Pero no todo es tan simple; la obra monumental requiere de programas, planes de negocio, plazos de recuperación, vida útil probable y planeación, mucha planeación. A la distancia de cuatro años no se dio. La obra monumental está entrampada en la improvisación, en la corrupción desmedida, en esa vorágine presupuestal que no dimensiona horizonte de término y puesta en marcha. El equilibrio que alguna vez se pensó en esa avalancha sin precedente que inundaba el discurso de inicio, que situaba bienestar en las capas sociales, que atendía salud y educación y legaba el significado de la obra trascendente, se ha convertido en derroche singular, en metas interrumpidas todas y en tiempos traicioneros.
De inicio todo fue intencional. Se buscaba la excusa para desbocar el gasto público trastocando inversión pública en ese afán de interpretación que marcó el presidente para significar de la cosa pública negocios públicos. Lo hizo pensando en la cercanía y versatilidad para desmantelar concepciones de ahorro, de reservas y de recursos en encargo fiduciario. La dimensión de sus afanes constructores era la fórmula perfecta. Le era indispensable. Pero ahora estamos inmersos en trampas de tiempo. Los tiempos no dan y los recursos tampoco. Los descuidos de muchas áreas ya alcanzaron la calígine presupuestal del descuido y del abandono.
El eufemismo como salida ya no brinda el tiempo de conclusión de las tres obras insignia. La disciplina hasta ahora autónoma no ha comprado los bonos que ya se encuentran descontados de tiempo atrás en la inversión. Como la austeridad quedó trascendida, habría que buscar el sinónimo adecuado a la siguiente fase de pobreza. Se encontró el término pero no la solución. Sabemos de sobra que la austeridad jamás existió, como también sabemos que la pobreza anunciada será otra más de las maniobras a las que acude esta transición. Entonces vienen las etiquetas que justifican los desvíos presupuestales para seguir destinando recursos como los 45 000 millones a Sener y 20 000 al tren.

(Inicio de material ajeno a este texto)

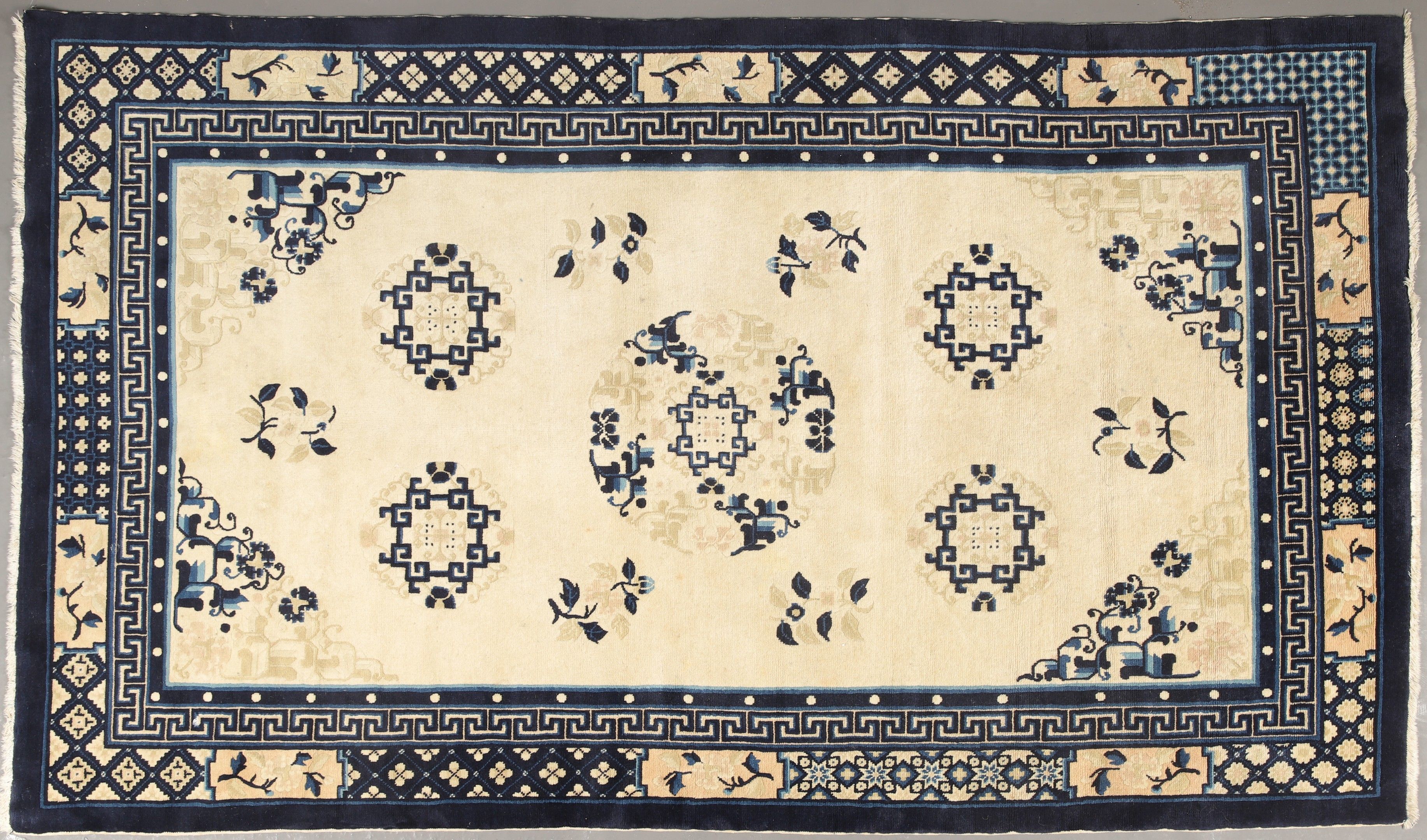 PEKIN RUG (China) in wool and cotton with medallion design on a beige background. 248 x 150 cm

Siete billones de pesos no es más que la culminación de esta farsa llamada populismo y autonombrada transformación por su creador e impulsor. Nunca ningún presidente tuvo presupuesto semejante a su alcance, aún equiparando precios de uno y otro período. Nunca un presidente ha sido tan encumbrado en índices de popularidad ante un dispendio sin precedente en nuestra historia. Esta irresponsabilidad ha sido festinada y premiada. No por siempre, esperemos.